Equally important, we also believe that Passport's efforts are no longer
relevant since, prior to Passport filing its circular, the Company had already
taken important and concrete steps to rectify the issues that the dissident
shareholder has identified as the reasons for its action.

    
    -------------------------------------------------------------------------
           Your Board of Directors Unanimously Recommends that you:

           -  Vote FOR the Company's Nominees to the Board of Directors
              using the enclosed WHITE proxy

           -  REJECT the Dissident Shareholder nominees and do not use the
              YELLOW proxy
    -------------------------------------------------------------------------
    

    The dissident shareholder announced its intention to force a contested
vote on the composition of the Board after WGI had already mailed its
Management Information Circular and form of proxy for the June 25 Annual
Meeting. To ensure you have the fullest opportunity to consider your vote, we
are now providing you with another copy of that Circular, a duplicate WHITE
proxy you may use to vote in advance of the meeting, and this letter which
provides you with important new information and the reasons for the Board's
recommendation.

    
    In summary:

    -   Your Current Board has strengthened and clarified management at the
        Company by appointing Gregory Emerson as President and Chief
        Executive Officer, effective May 1, 2008. This has separated the
        roles of Chairman and CEO in accordance with good corporate
        governance practices - one of Passport's complaints about WGI.

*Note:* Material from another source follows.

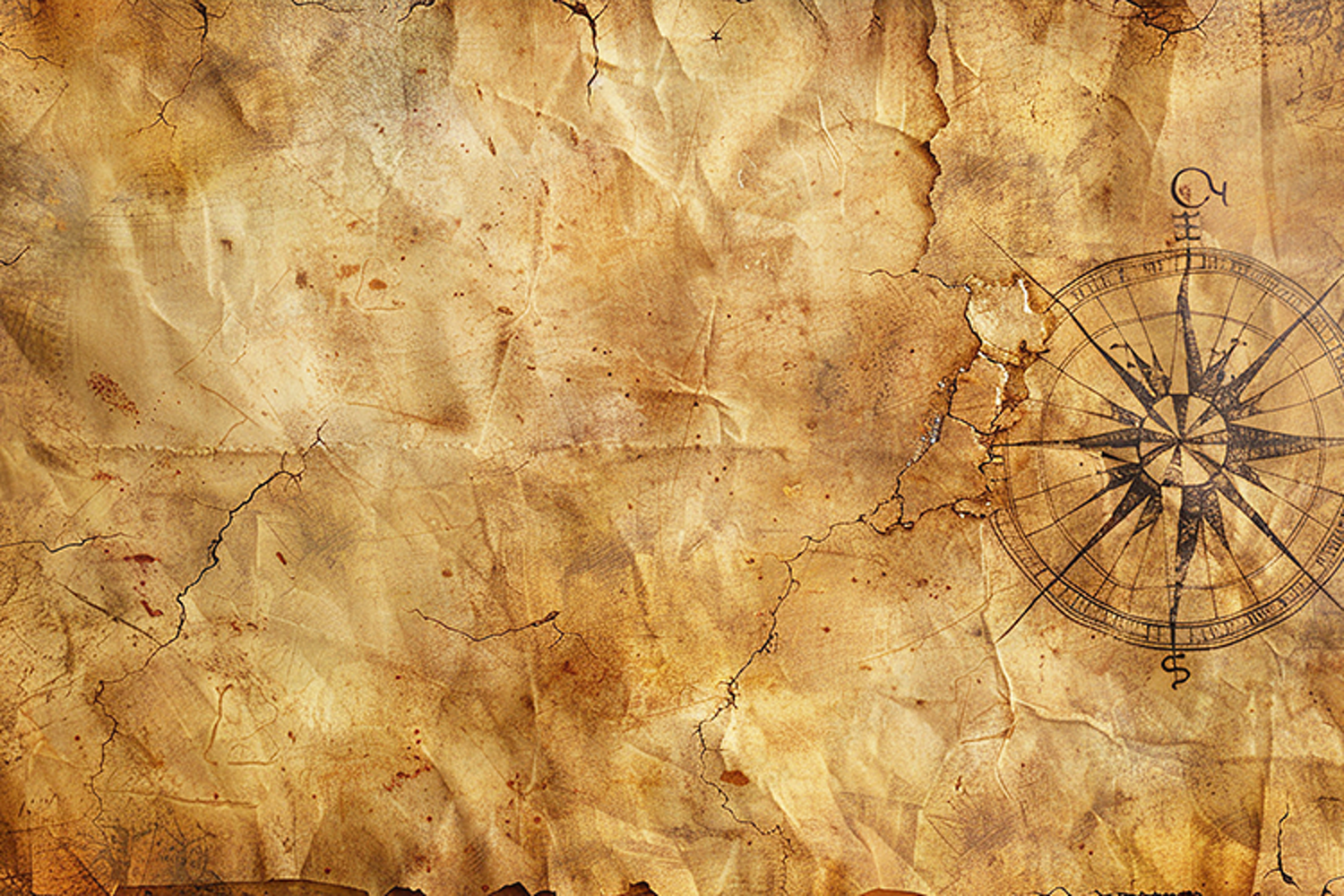 Authentic vintage parchment map background featuring aged paper textures, natural cracks, and an antique compass rose detail. This high-resolution historical design is perfect for digital papers, book covers, treasure maps, invitations, posters, educational projects, scrapbooking, and creative craft designs. The warm sepia tones, distressed paper surface, and classic cartography elements create a timeless, adventurous, and old-world aesthetic ideal for vintage and exploration-themed designs.
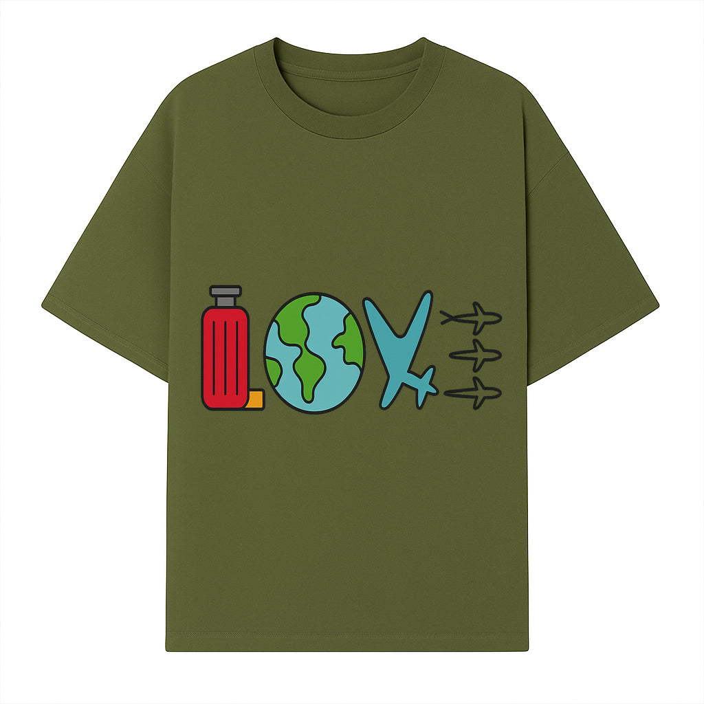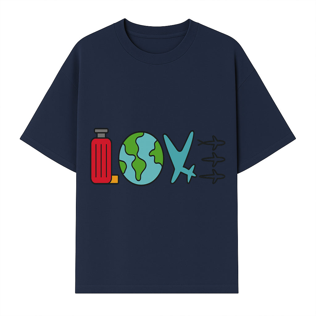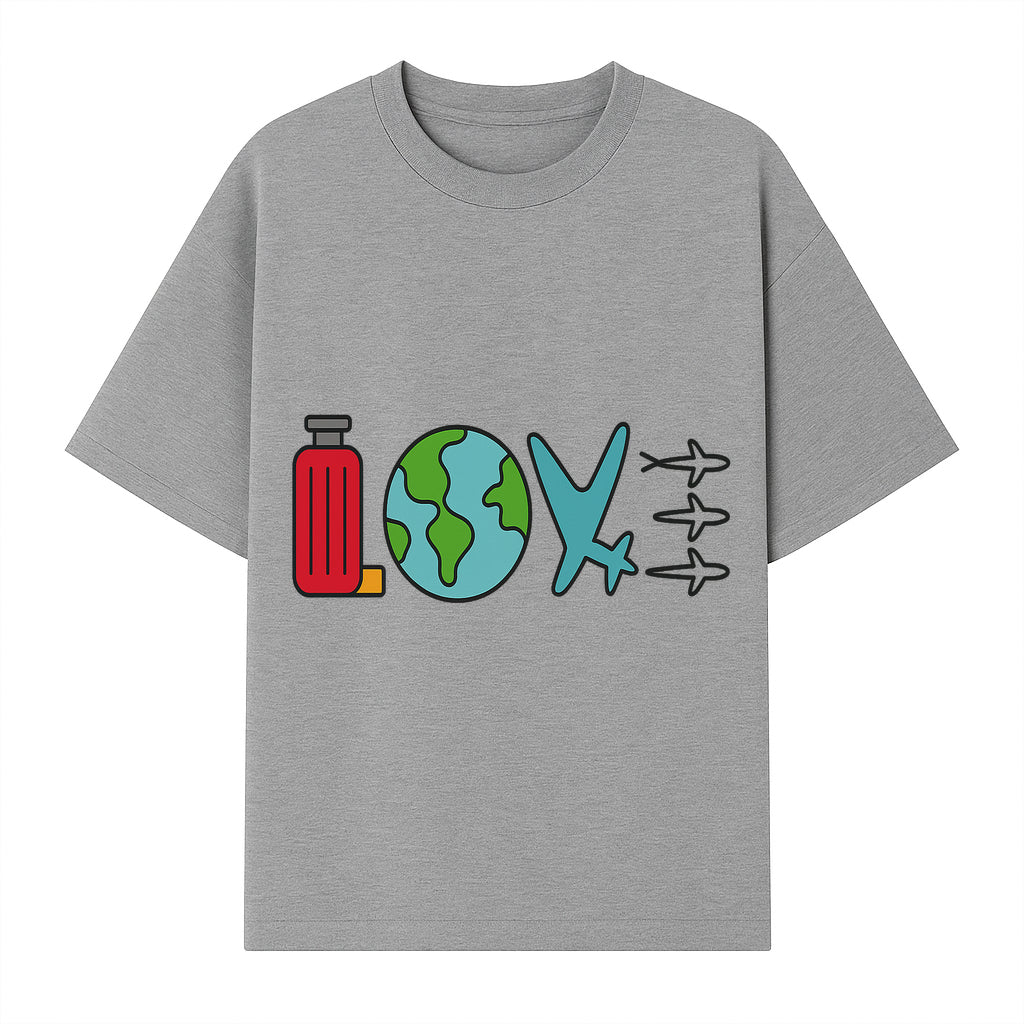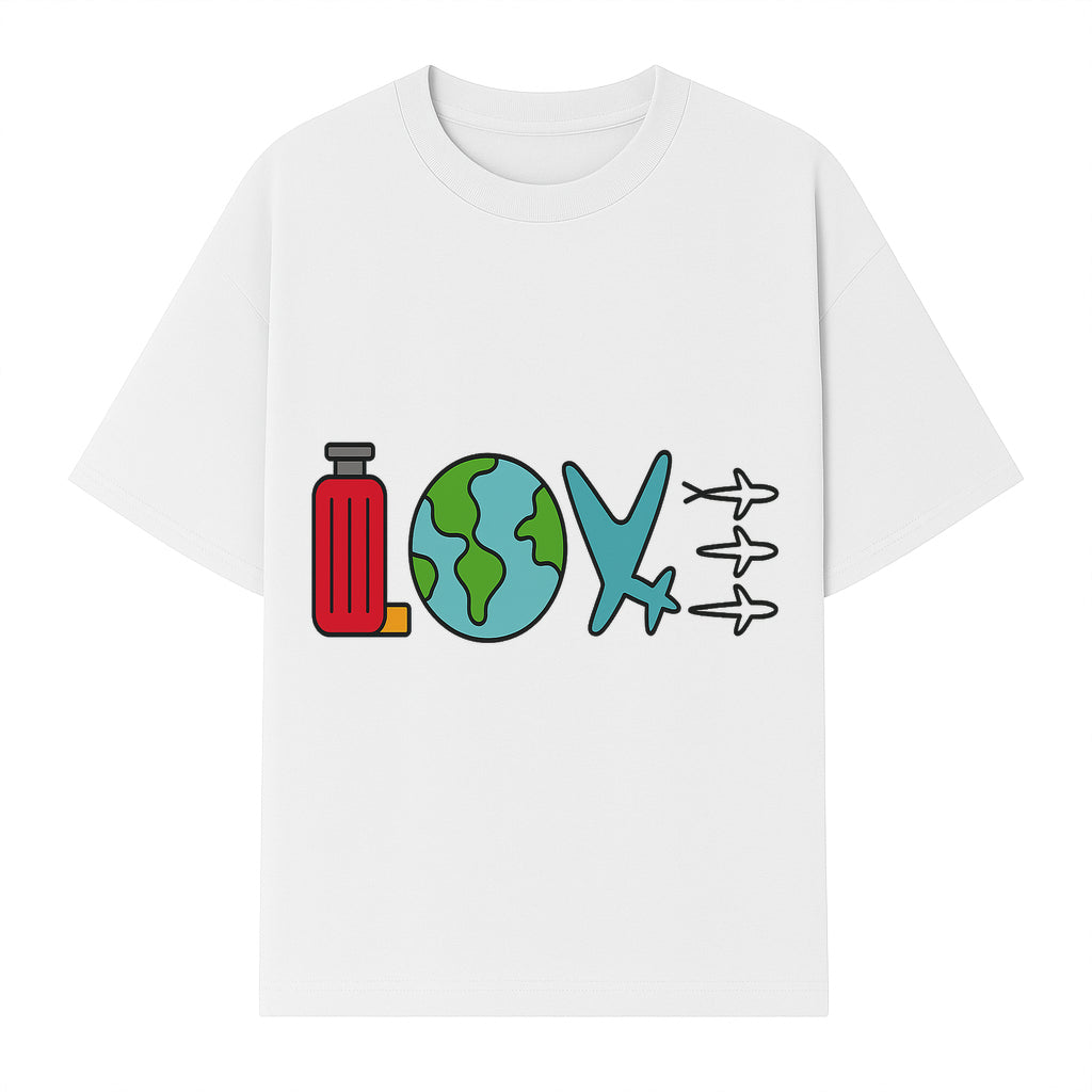 Travel Themed Love Design with Suitcase, Globe, Airplane, and Planes - Perfect for Adventurers and Wanderlust Gifts - T-shirt

    -   The sale of TGI is a pivotal event for your Company. Your current
        Board initiated the strategic review that led to the sale, conducted
        the negotiations, and established relationships with the purchaser.
        The current Board is in the best position to complete the
        transaction.

    -   Your current Board of Directors plans to distribute approximately
        US$18.8 million in cash (or US$0.80 per WGI share) to the
        shareholders of WGI subject to the successful closing of the TGI
        sale.

    -   The Strategic Review by the Special Committee is continuing and is
        refocusing WGI's operations on existing and identified growth
        opportunities that are complementary to our core businesses of mining
        and distributing industrial minerals and manufacturing waterjet
        products. These efforts are designed to enhance both short and
        long-term shareholder value and need to be allowed to continue.

    -   While developing growth opportunities, your current Board is also
        taking steps to bring WGI's fixed cost structure into line with
        revenue from its operations. As a result of the TGI sale,
        administrative and legal costs will be reduced substantially.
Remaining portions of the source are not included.